I don't know exactly how many I _know _but I have definately met a fair few. 


bunch of flippin' wierdos.


----------



## Kellybee (Oct 13, 2006)

Met more than I could remember at shows and meets etc. 

I'd say the ones I'm pally with (ie talk about non rep stuff with, at length and on a regular basis) total about 10. 
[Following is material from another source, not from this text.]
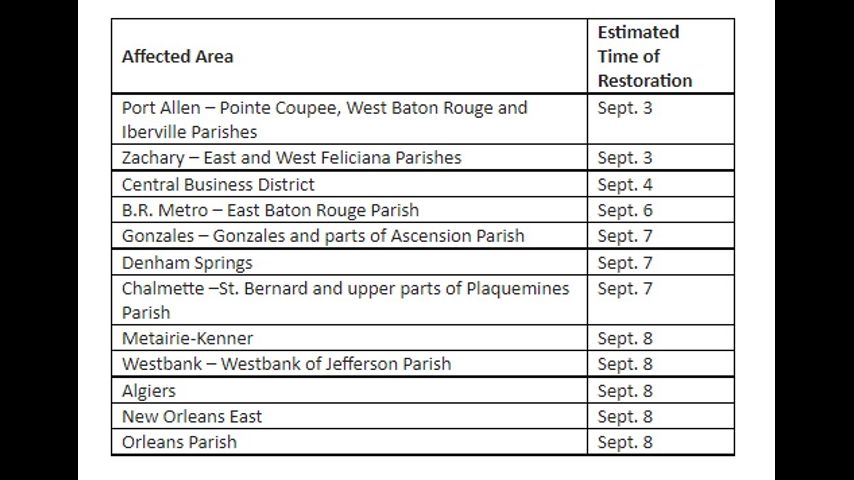 The timetable gave Gonzales and Denham Springs an estimated restoration time of September 7.

Two of my top mates though I met through the forum... Liz (of Liz_n_Mark) is officially as good as family nowadays, Shelley I gab on the phone with every few days... she's my partner in crime :whistling2: and FunkyMonkey calls me his stalker (which is a false statement/wishful thinking by the way) :bash:


----------



## Sid.lola (Jan 10, 2008)

Grakky said:


> I don't know exactly how many I _know _but I have definately met a fair few.
> 
> 
> bunch of flippin' wierdos.


Pah! Some people are just hypocrites! :Na_Na_Na_Na:


----------



## fergie (Oct 27, 2007)

0......


----------



## Elmodfz (Jan 18, 2008)

I know 1, Bendigo, mainly coz I've spent 2 years at college with her and we still like to go out and terrorise the world lol.


----------



## Faybert (Sep 29, 2008)

Just the one; my boyfriend


----------



## Lindy (Jul 21, 2008)

I know 1, paul from ukmorphs but have met around 10


----------